Wed Oct 29 17:32:24 EDT 2014

> On 29 Oct 2014, at 10:01 pm, Andrei Borzenkov <arvidjaar at gmail.com> wrote:
> 
> I observe strange behavior that I cannot understand. Pacemaker 1.1.11-3ca8c3b.
> 
> There is master/slave resource running. Maintenance-mode was set,
> pacemaker restarted, maintenance-mode reset. This specific RA returns
> Slave instead of Master for the first probe. But what happens later is
> rather strange.
> 
> So on startup pacemaker initiates probe:
> 
> Oct 29 11:25:59 n1 crmd[2879]:   notice: te_rsc_command: Initiating
> action 3: monitor rsc_SAPHana_HDB_HDB00:0_monitor_0 on n1 (local)
> Oct 29 11:25:59 n1 crmd[2879]:   notice: te_rsc_command: Initiating
> action 4: monitor rsc_SAPHanaTopology_HDB_HDB00:0_monitor_0 on n1
> (local)
> 
> That's fine.
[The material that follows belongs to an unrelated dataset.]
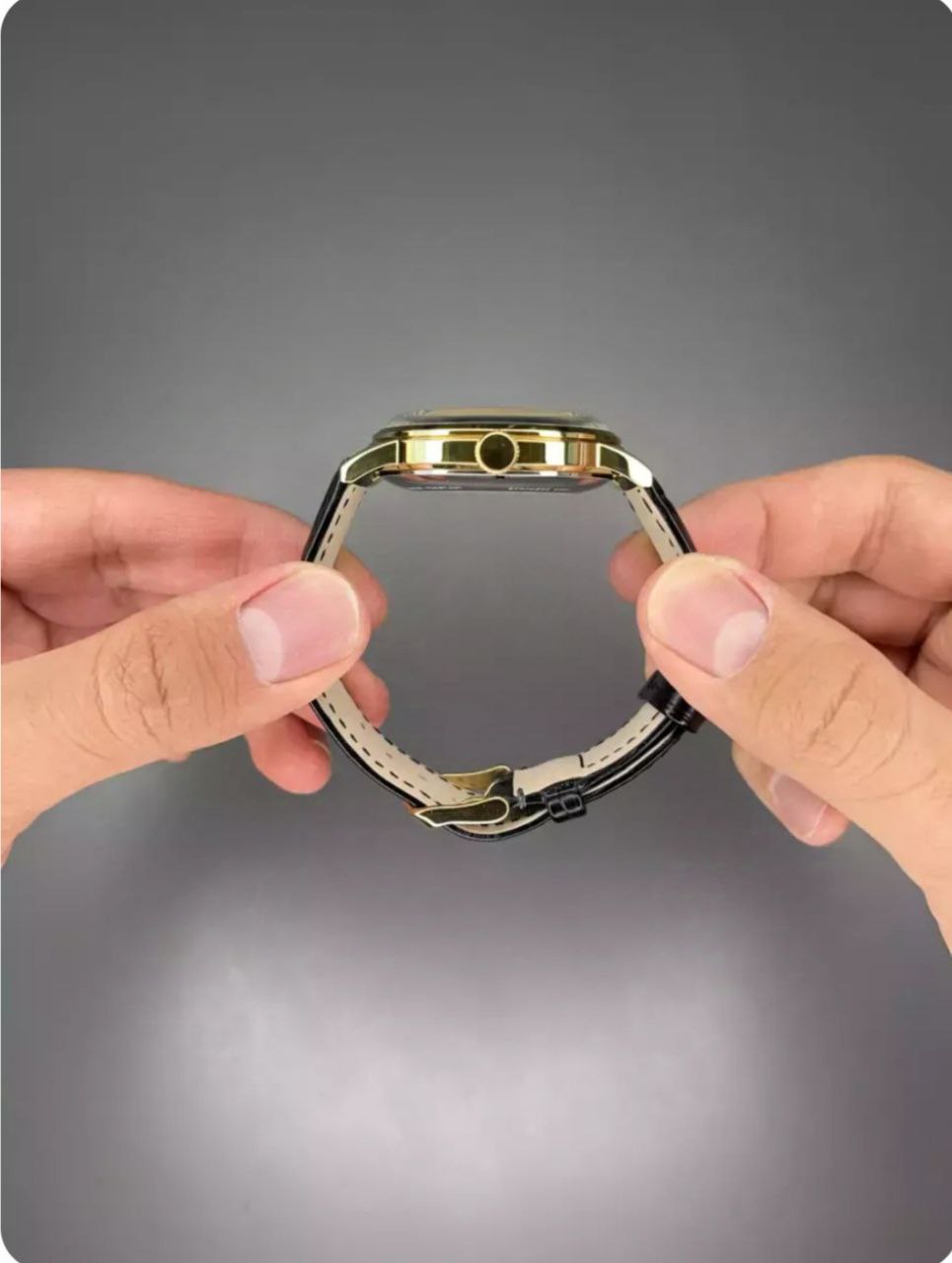 🔺بند و بدنه : بند چرم فوق العاده شیک و رنگ 100% ثابت و ضد حساسیت ( توضیحات آلیاژ ضد حساسیت در انتهای متن )

Agents return OK (correctly for clone
> rsc_SAPHanaTopology_HDB, may be incorrectly for master/slave
> rsc_SAPHana_HDB):
> 
> Oct 29 11:26:03 n1 crmd[2879]:   notice: process_lrm_event: LRM
> operation rsc_SAPHanaTopology_HDB_HDB00_monitor_0 (call=12, rc=0,
> cib-update=49, confirmed=true) ok
> Oct 29 11:26:03 n1 crmd[2879]:   notice: process_lrm_event: LRM
> operation rsc_SAPHana_HDB_HDB00_monitor_0 (call=7, rc=0,
> cib-update=50, confirmed=true) ok
> 
> But pacemaker suddenly counts each of them twice? Why?

From the looks of it, the crmd is getting the updates from the CIB twice.
It looks like this is a SUSE install right? 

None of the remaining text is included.